De aquella guerra del Peloponeso dio cuenta Tucídides, con tan hermoso estilo que ha pasado a los anales como el primero y mejor de los historiadores. De la inteligencia de Sócrates fue Platón quien la plasmó en sus Diálogos. Las tragedias de los tres grandes dramaturgos han llegado hasta nosotros en su mayor parte. Fidias es conocido por los frisos del Partenón requisados por los británicos y por los testimonios de los afortunados que contemplaron sus obras. De la sutileza e inteligencia de Aspasia y del gobierno de su amante, Pericles, es su epíteto el que perdura como un sello indeleble: la Atenas de Pericles. El ágora donde se reunía la asamblea ciudadana ha quedado en la imaginación colectiva como la prístina fuente de la democracia. La Iglesia se arrogó el nombre de aquella ecclesía. Las ruinas de la Acrópolis son el testimonio de una gloria que resplandece con tal magnitud que encubre su decadencia, la derrota en la guerra, la ignominiosa condena de Sócrates, la esclavitud de muchos de sus habitantes, la postergación de la mujer ateniense, las miserias de la oligarquía de los eupátridas, la sumisión de sus aliados jónicos y otras ignominias. Pese a ello, Esparta ganó aquella contienda tan bellamente contada, pero perdió estrepitosamente el juicio de la Historia.

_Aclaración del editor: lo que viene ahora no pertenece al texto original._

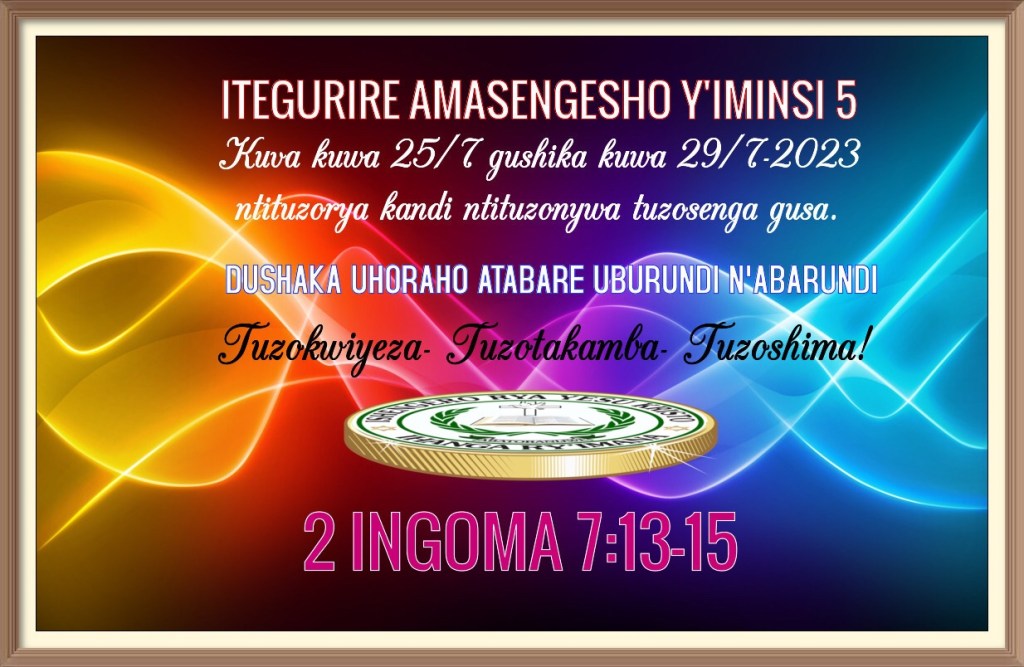 Hariho imirwi y’abanyamadini n’abanyamigenzo batazi yuko Abera b’Imana bama kira mwaka bafata indwi yo kwisonzesha basengera igihugu c’Uburundi n’amasezerano Uhoraho Imana yakivuzeko. Uyu mwaka amasengesho azomara iminsi itanu, kuva kwigenekerezo rya 25 gushika kw’igenekerezo rya 29 uku kwezi. Ntimwoshwe n’abatabitahura kandi bibaza yuko boyatesha abandi. Ntihagire uwugutesha kwifatanya n’Ihanga ryose ry’Uburundi gusengera igihugu cawe.

¿Qué quedará de nuestra contienda vírica? La abdicación no resignada de una potencia, Estados Unidos, que renuncia al liderazgo mundial sin rebajar su soberbia, la ambición de la emergente China, que no duda en asentar su poder sobre las condiciones laborales miserables de sus propios trabajadores; y una Europa que no sabe que su mayor logro es la prosperidad de sus ciudadanos, que recorta cicateramente por no tener claro su lugar en el mundo. En medio de una guerra comercial, tecnológica y diplomática por la hegemonía mundial, se ha de pactar una tregua para librar otra confrontación tanto o más calamitosa: la de un virus tan desconocido como aquellas fiebres que asolaron la Atenas de Pericles. Como entonces, no se sabe muy bien si el enemigo está dentro o está fuera.

Nuestro problema es aún mayor: no hay nadie que pueda contarlo como hicieron aquellos prodigiosos griegos 2.500 años ha. No tenemos a un Pericles que, pese a todos sus enemigos, tenga la clarividencia para dirigir a su pueblo. Los grandes dramaturgos han sido sustituidos por guionistas de comedias bufas, que incluso llegan a gobernar países. Los eminentes filósofos, relegados al ostracismo de las universidades. Los esclavos, convertidos en precarios asalariados. Ni siquiera un discurso fúnebre que declamar, a la manera del gran Pericles, por una civilización que no habrá de perdurar. Los problemas siguen siendo los mismos, pero hemos perdido el relato y, por ello, el juicio de la Historia.